History of Research
The Four Valleys Archive consists of all paper, photographic, and digital records resulting from archaeological investigations conducted from 1983-2013 across 180km2 (ca. 70 miles2) within four distinct drainages in northwestern and western Honduras. These basins include: the Naco valley along the Chamelecon river; the lower Cacaulapa drainage, a tributary of the Chamelecon situated 9km southwest of the Naco Valley; the middle Ulua river basin ca. 40km south of the Naco valley; and, the El Paraíso valley lying 93 km to the southwest of Naco and 27 km northeast of the lowland Maya center of Copan. The materials recorded in the course of this work span three millennia (1200BC-AD1532). The archive contains data pertaining to the configurations, sizes, and locations of 941 sites recorded on survey along with the results of excavations at 180 settlements and the analysis of over one million artifacts.

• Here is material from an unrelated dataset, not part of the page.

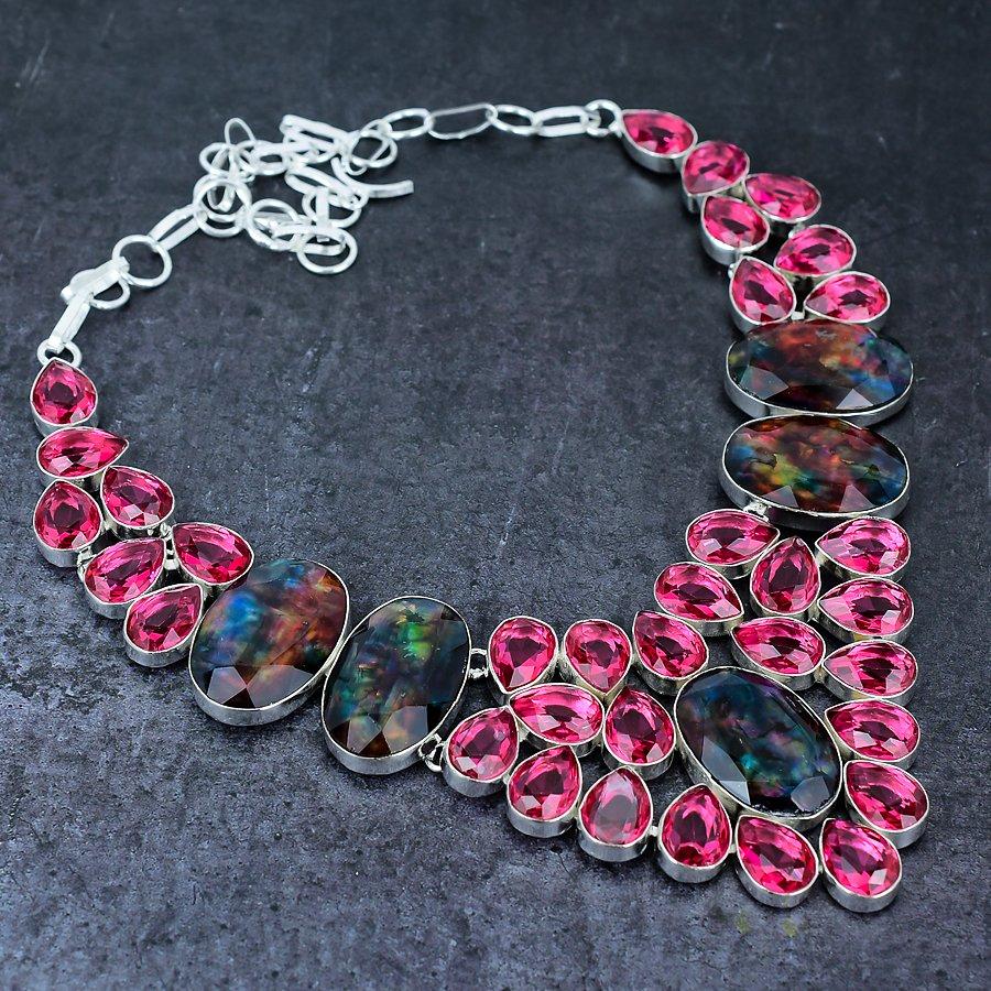 Аммолит, рубиллит, ручная работа, серебряное ожерелье 925 пробы, 18 дюймов, R3B80

When work first began in these basins the primary objective was to define phases of occupation, based primarily on changes in artifact styles supplemented with C-14 assays of samples associated with these materials. Explanations of cultural, social, and political transformations noted in these sequences tended, at first, to favor such processes as local emulations of practices associated with large lowland Maya polities, some as close as the realms centered around the massive capitals of Copan in western Honduras and Quirigua, in northeastern Guatemala (both within 120 km of the studied valleys). This causal emphasis was strongly influenced by the designation of western Honduras as part of the Southeast Maya Periphery, an area thought to have been populated by relatively simply structured societies whose members were easily cowed and controlled by their more powerful lowland Maya neighbors.
In the course of reconstructing these local culture histories, a process that remains ongoing, it became obvious that the four valleys we studied were not pale reflections of lowland Maya cultural patterns and sociopolitical forms. Further, their histories, though related, diverged significantly from each other and those developments chronicled in the Maya lowlands. Gradually, research questions shifted, therefore, from those such as, “How and in what ways were these people influenced by lowland Maya initiatives at different points in time?”, to, “How did various factions within these societies craft senses of themselves in relation to those living at varying distances and employ these identities, along with a host of other tangible and conceptual resources, in contests for preeminence at local to regional scales?” Issues of power and political economy, in other words, have become increasingly salient over time. Interactions with representatives of the lowland Maya are not ignored in this process. Instead, the latter agents are among the varied individuals and groups with which the people we study were differentially engaged, from whom they drew inspiration and goods used in the exercise of power over others and the power to define and achieve their own objectives.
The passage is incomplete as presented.